Court Opinion

ID: 526007
Source: CourtListenerOpinion
Date Created: 2011-08-23 10:00:59+00
Date Added: 2024-06-11T09:11:35.537805
License: Public Domain

878 F.2d 1446
Unpublished DispositionNOTICE: Federal Circuit Local Rule 47.8(b) states that opinions and orders which are designated as not citable as precedent shall not be employed or cited as precedent.  This does not preclude assertion of issues of claim preclusion, issue preclusion, judicial estoppel, law of the case or the like based on a decision of the Court rendered in a nonprecedential opinion or order.Lydia T. McVey, Petitioner,v.DEPARTMENT OF the ARMY, Respondent.
No. 89-3020.
United States Court of Appeals, Federal Circuit.
June 8, 1989.

Before BISSELL, Circuit Judge, NICHOLS, Senior Circuit Judge, and MAYER, Circuit Judge.
PER CURIAM.

DECISION

1
Petitioner, Lydia T. McVey, seeks review of a final decision of the Merit Systems Protection Board (MSPB), docket No.

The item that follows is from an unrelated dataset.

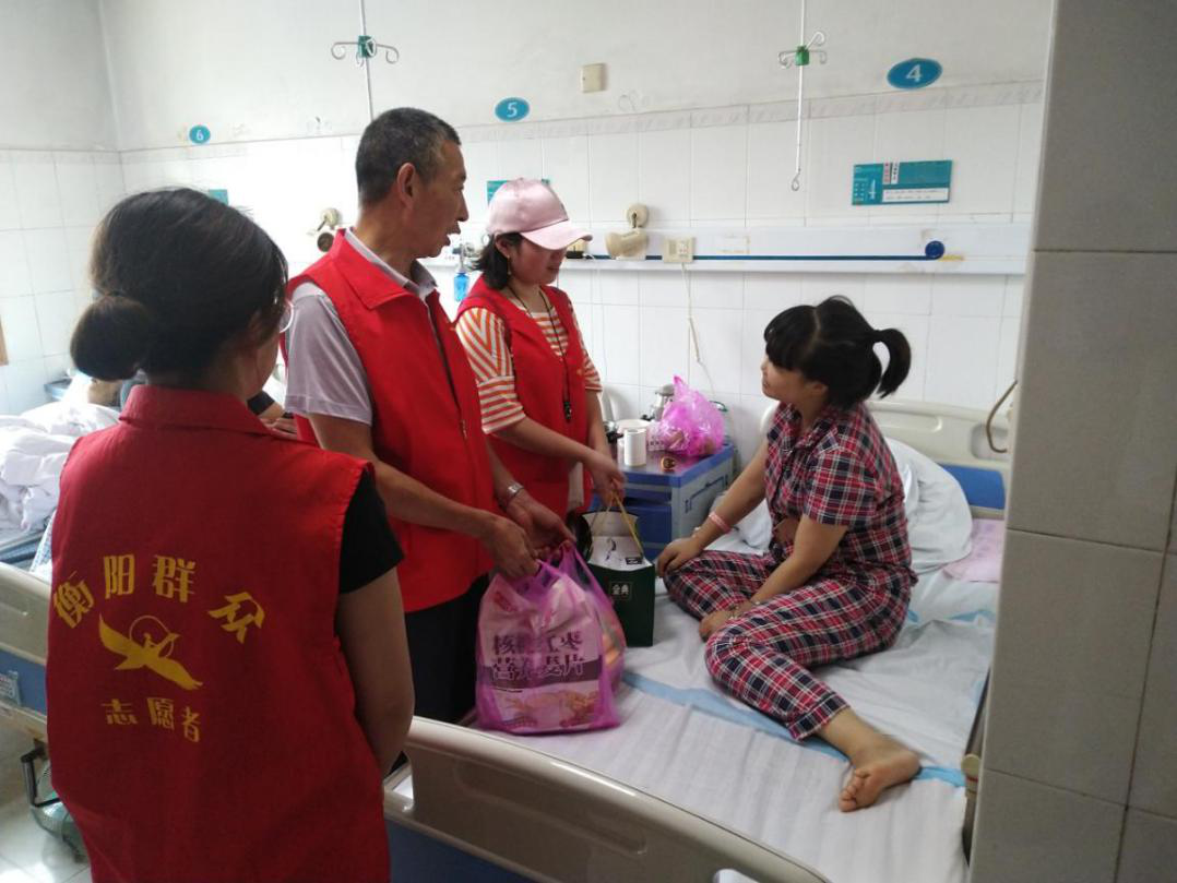 8月30日,青山街道西湖二村社区工作人员带领“衡阳群众”志愿者一起来到南华附一医院住院部,看望慰问了身患障碍性贫血的侗族居民吴冬英,为她送去党和政府的温暖与关怀。

AT07528810251, dismissing as untimely her appeal of her removal from her position as Clerk Typist, GS-322-03, by the Department of the Army.  We affirm.

OPINION

2
Petitioner was an Army civilian employee.  Her appeal of her separation to the MSPB was only one day late.  She was given an opportunity to show why the lateness should be waived, but failed to establish "good cause" and the administrative law judge (ALJ) accordingly dismissed her appeal.  She met (through an American Federation of Government Employees (AFGE) representative) the time requirements in a contemporaneous grievance proceeding, but said she did not have AFGE representation before the MSPB while the 20 days for appeal were running, and her own emotional and physical state precluded effective representation of herself.  She had just recently had a baby.  She did have AFGE assistance with the waiver petition, and we are compelled to suppose the best possible case was made for her then.

3
The decision could easily have gone the other way, but we fail to perceive on our examination any fact finding not supported by substantial evidence, or any conclusion we could call arbitrary, capricious, or an abuse of discretion.  On the basis of the ALJ's opinion, and on the legal limits to the scope of our review, we affirm.